- Opening Delimiter -

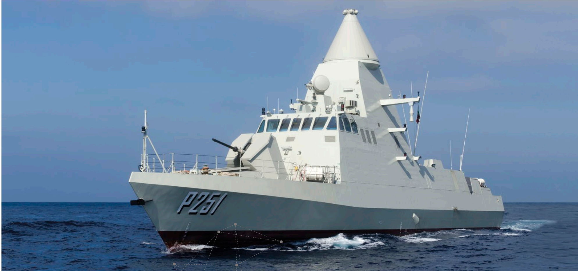
Stealth Attack Craft Falaj 2 Class
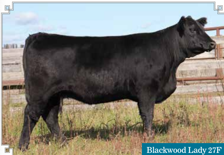
Blackwood Lady 27F

N7'S ELVIS 9Y NYK GRACELAND 39B SOO LINE GEORGINA 1101 S A V RESOURCE 1441 N7'S BLACK WOODLADY 46D N7'S BLK WOODLADY 7X SITZ UPWARD 307R MVMM BLOSSOM 250U HF KODIAK 5R SOO LINE GEORGINA 9371 RITO 707 OF IDEAL 3407 7075 S A V BLACKCAP MAY 4136 TC STOUT 407 N7'S BLKWOOD LADY 82U

- Closing Delimiter -

Could you retype every line above exactly as it appears, skipping the pictures?

• [Result]:
Stealth Attack Craft Falaj 2 Class
Blackwood Lady 27F

N7'S ELVIS 9Y NYK GRACELAND 39B SOO LINE GEORGINA 1101 S A V RESOURCE 1441 N7'S BLACK WOODLADY 46D N7'S BLK WOODLADY 7X SITZ UPWARD 307R MVMM BLOSSOM 250U HF KODIAK 5R SOO LINE GEORGINA 9371 RITO 707 OF IDEAL 3407 7075 S A V BLACKCAP MAY 4136 TC STOUT 407 N7'S BLKWOOD LADY 82U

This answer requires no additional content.